I'm not aware of one, but I don't follow academic arena as closely as many others.
Note that I think nodes should fsync terms, election results and for example cluster membership changes. It's not a big cost to do that. Just not each transaction = log entries.
I agree that terms and voting
I agree that terms and voting should be stored persistently and based on the earlier discussion, I can't see why using optimal disk writes (that it, avoid fsync'ing before at commit) would cause more problems that what you described.
By the way, your idea about how to prevent data loss in case of Leader fails and loses RAM-committed trx : "The answer is that a crashed node must refrain from participating in the next election" might have more useful cases as it seems also solve the case (presented in raft google group) where node fails, loses all data but recovers and gives its vote for candidate who's not up-to-date.
We wrote a paper on performance measurement of HSB databases where different commit models were compared (Wolski, Raatikka 2006) and I was hoping that someone would feel enough interest to spread similar information about this bit more complicated environment.
Vilho
Well, I have to take back
Well, I have to take back what I said about applicability of your idea on that one particular problem described in discussion thread 'Safely recovering from a "nuked" node'. When it got clearer what it is about I don't think Raft is the right tool for solving it. Interesting discussion, though, especially when it is also said that it is almost not possible to make such a cluster automatically managed :-)
Vilho
Re: Nuked nodes on Raft google group
I've been following the discussion on the Raft list, but didn't want to hijack the discussion just yet. I think it is a related topic in the sense that the same fixes would apply.
Although they haven't commented here yet, the authors of this paper pointed out by email that a 2012 update to Viewstamped Replication is like Raft but without fsyncs. It describes a recovery procedure that safely handles the failure scenarios that can happen here. Essentially the recovery procedure is the same as described in this blog post. https://www.freecodecamp.org/news/viewstamped-replication-revisited-a-s…
Thanks, good discussion, and
Thanks, good discussion, and reading for the Easter.
Happy holidays and be well.
Vilho
Author response
Hello Henrik,
I am one of the authors of the paper "Strong and Efficient Consistency with Consistency-aware Durability." We really appreciate your interest in our work and thank you for taking the time to write the post!
We also had a useful conversation with you (via email correspondence). We are glad that we could discuss our work in detail with an industry expert and learn about MongoDB's use of pre-voting. We want to share our thoughts about some of the points in the post here.

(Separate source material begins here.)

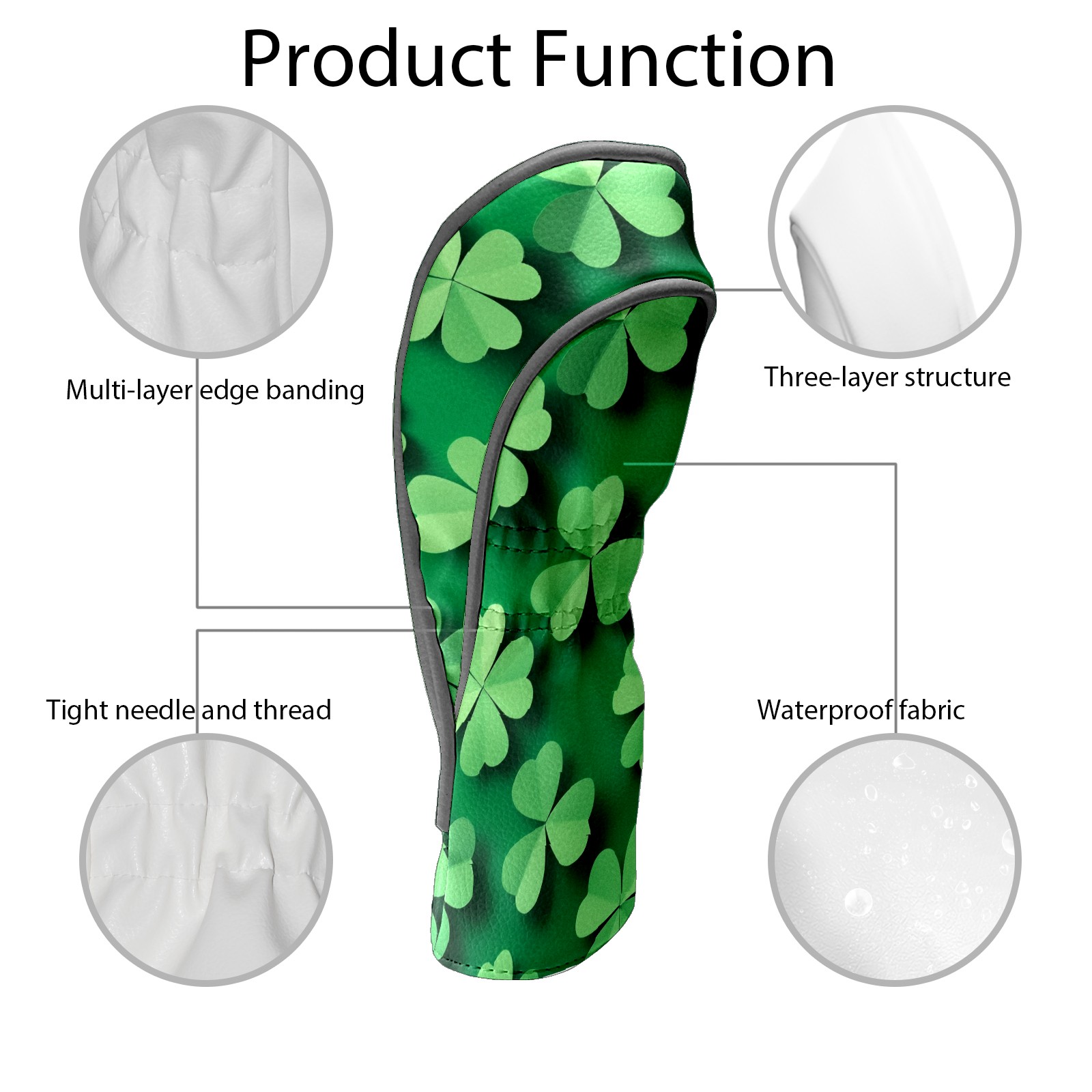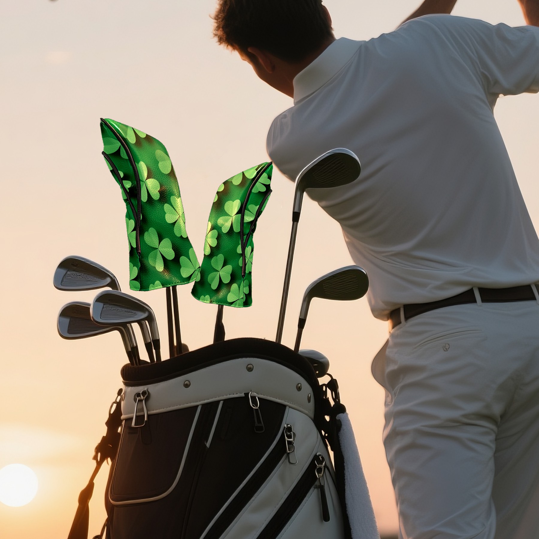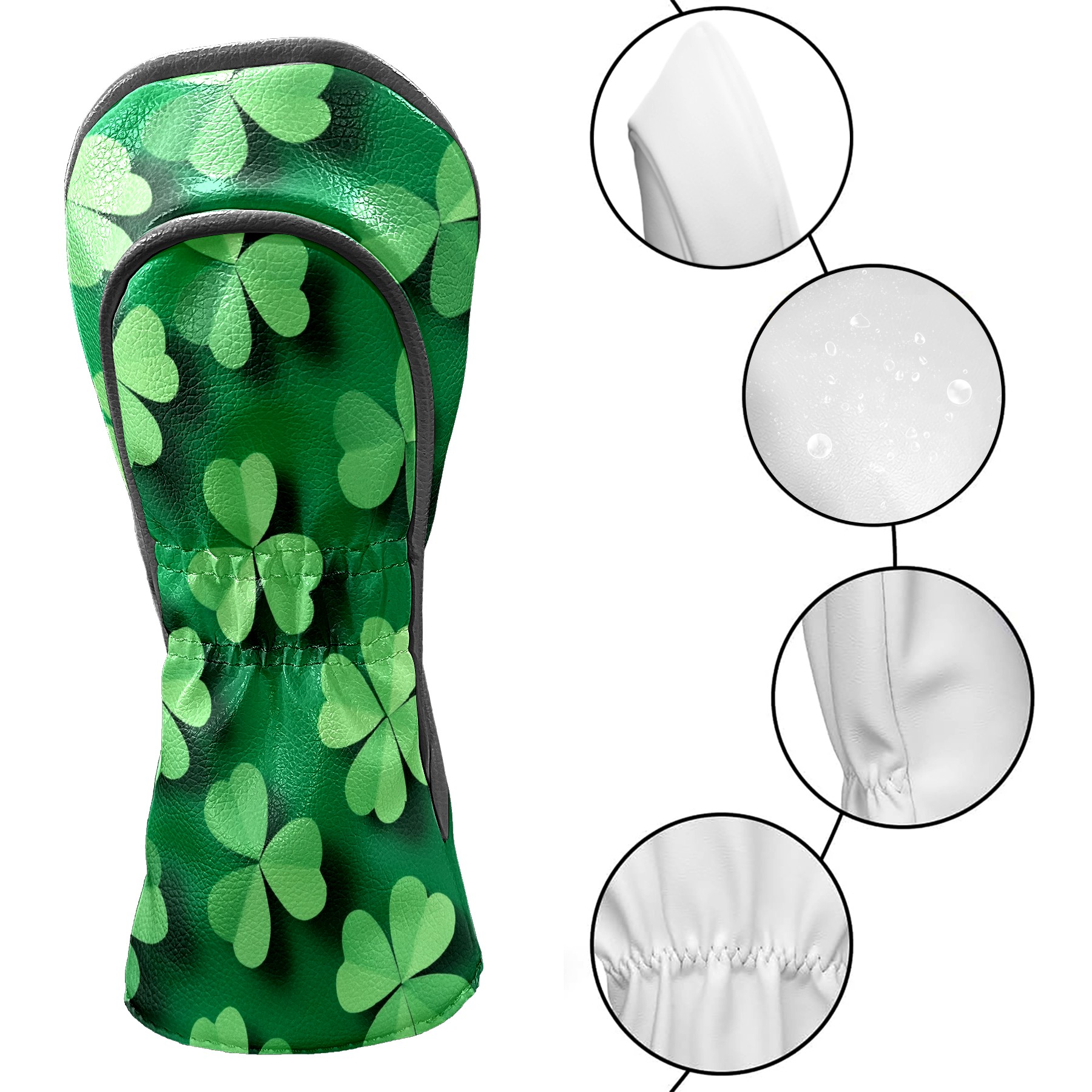 Golf Club Head Covers for Driver and Fairway Woods, Waterproof Leather Headcovers for Golf Clubs, Ideal Golf Accessories Gift for Men Women (Green Shamrock)

We first discuss the synchronous replication + asynchronous persistence example scenario (in Figure-1(i)), which seems to be the primary focus of the post. The post notes that in the example when S3 crashes and recovers, it should not be able to get votes from S4 and S5 if the system uses something like pre-voting. We agree with this point: with pre-voting, S4 and S5 would not give their votes, averting the problem. However, the paper does not say that S3 will immediately get votes from S4 and S5. But, what it says is that it is *possible* that S3, S4, and S5 can form a majority. For example, if the current leader gets partitioned, then S3, S4, and S5 could form a majority in a subsequent term/view.
The post also mentions that we claim that only one node has to fail to expose the data-loss problem in the example. Note that the paper says that only one node has to *crash and recover* (not fail) to trigger a data loss. For instance, in the scenario described in the above paragraph, only one node crashes and recovers while the leader gets partitioned.
The post also mentions that we do not show the case where the *leader* crashes after the update is buffered on a bare majority. In such a case, pre-voting would not work as the post correctly points out. We agree that showing this example would have been interesting. Although we do not show this in Section-2, we have been aware of this case since our prior work in 2018 [2, 3]. Further, our cluster-crash testing framework (described in Section-5.3) does include tests where the leader crashes after the updates have been buffered on a bare majority. Our experiments, as a result, do expose inconsistencies (because of an underlying data loss) in such cases.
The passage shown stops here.